- [What needs to be done] Exactly as written, print each of the entries.

- [Available data]
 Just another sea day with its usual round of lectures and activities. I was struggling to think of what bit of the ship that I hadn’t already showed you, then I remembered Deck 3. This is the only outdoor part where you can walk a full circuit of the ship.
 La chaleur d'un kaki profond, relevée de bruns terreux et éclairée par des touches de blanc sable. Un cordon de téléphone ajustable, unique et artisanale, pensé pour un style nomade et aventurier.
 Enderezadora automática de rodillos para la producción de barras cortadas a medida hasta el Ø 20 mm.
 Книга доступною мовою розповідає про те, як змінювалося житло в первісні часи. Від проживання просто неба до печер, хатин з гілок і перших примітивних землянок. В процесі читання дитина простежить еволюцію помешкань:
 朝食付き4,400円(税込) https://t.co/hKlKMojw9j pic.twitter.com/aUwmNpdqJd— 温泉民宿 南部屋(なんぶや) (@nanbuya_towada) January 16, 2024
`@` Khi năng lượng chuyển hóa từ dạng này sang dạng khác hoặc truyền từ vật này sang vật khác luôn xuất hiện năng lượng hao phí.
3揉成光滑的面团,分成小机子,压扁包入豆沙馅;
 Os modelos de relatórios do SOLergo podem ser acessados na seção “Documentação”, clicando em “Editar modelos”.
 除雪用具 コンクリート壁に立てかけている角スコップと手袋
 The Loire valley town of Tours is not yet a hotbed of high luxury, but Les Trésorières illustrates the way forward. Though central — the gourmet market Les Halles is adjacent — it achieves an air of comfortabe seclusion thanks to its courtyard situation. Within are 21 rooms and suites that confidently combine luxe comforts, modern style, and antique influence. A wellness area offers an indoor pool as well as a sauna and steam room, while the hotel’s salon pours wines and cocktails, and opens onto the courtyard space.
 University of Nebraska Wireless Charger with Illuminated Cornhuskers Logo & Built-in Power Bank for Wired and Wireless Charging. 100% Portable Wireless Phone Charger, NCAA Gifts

- [Response to this exercise]
 Just another sea day with its usual round of lectures and activities. I was struggling to think of what bit of the ship that I hadn’t already showed you, then I remembered Deck 3. This is the only outdoor part where you can walk a full circuit of the ship.
 La chaleur d'un kaki profond, relevée de bruns terreux et éclairée par des touches de blanc sable. Un cordon de téléphone ajustable, unique et artisanale, pensé pour un style nomade et aventurier.
 Enderezadora automática de rodillos para la producción de barras cortadas a medida hasta el Ø 20 mm.
 Книга доступною мовою розповідає про те, як змінювалося житло в первісні часи. Від проживання просто неба до печер, хатин з гілок і перших примітивних землянок. В процесі читання дитина простежить еволюцію помешкань:
 朝食付き4,400円(税込) https://t.co/hKlKMojw9j pic.twitter.com/aUwmNpdqJd— 温泉民宿 南部屋(なんぶや) (@nanbuya_towada) January 16, 2024
`@` Khi năng lượng chuyển hóa từ dạng này sang dạng khác hoặc truyền từ vật này sang vật khác luôn xuất hiện năng lượng hao phí.
3揉成光滑的面团,分成小机子,压扁包入豆沙馅;
 Os modelos de relatórios do SOLergo podem ser acessados na seção “Documentação”, clicando em “Editar modelos”.
 除雪用具 コンクリート壁に立てかけている角スコップと手袋
 The Loire valley town of Tours is not yet a hotbed of high luxury, but Les Trésorières illustrates the way forward. Though central — the gourmet market Les Halles is adjacent — it achieves an air of comfortabe seclusion thanks to its courtyard situation. Within are 21 rooms and suites that confidently combine luxe comforts, modern style, and antique influence. A wellness area offers an indoor pool as well as a sauna and steam room, while the hotel’s salon pours wines and cocktails, and opens onto the courtyard space.
 University of Nebraska Wireless Charger with Illuminated Cornhuskers Logo & Built-in Power Bank for Wired and Wireless Charging. 100% Portable Wireless Phone Charger, NCAA Gifts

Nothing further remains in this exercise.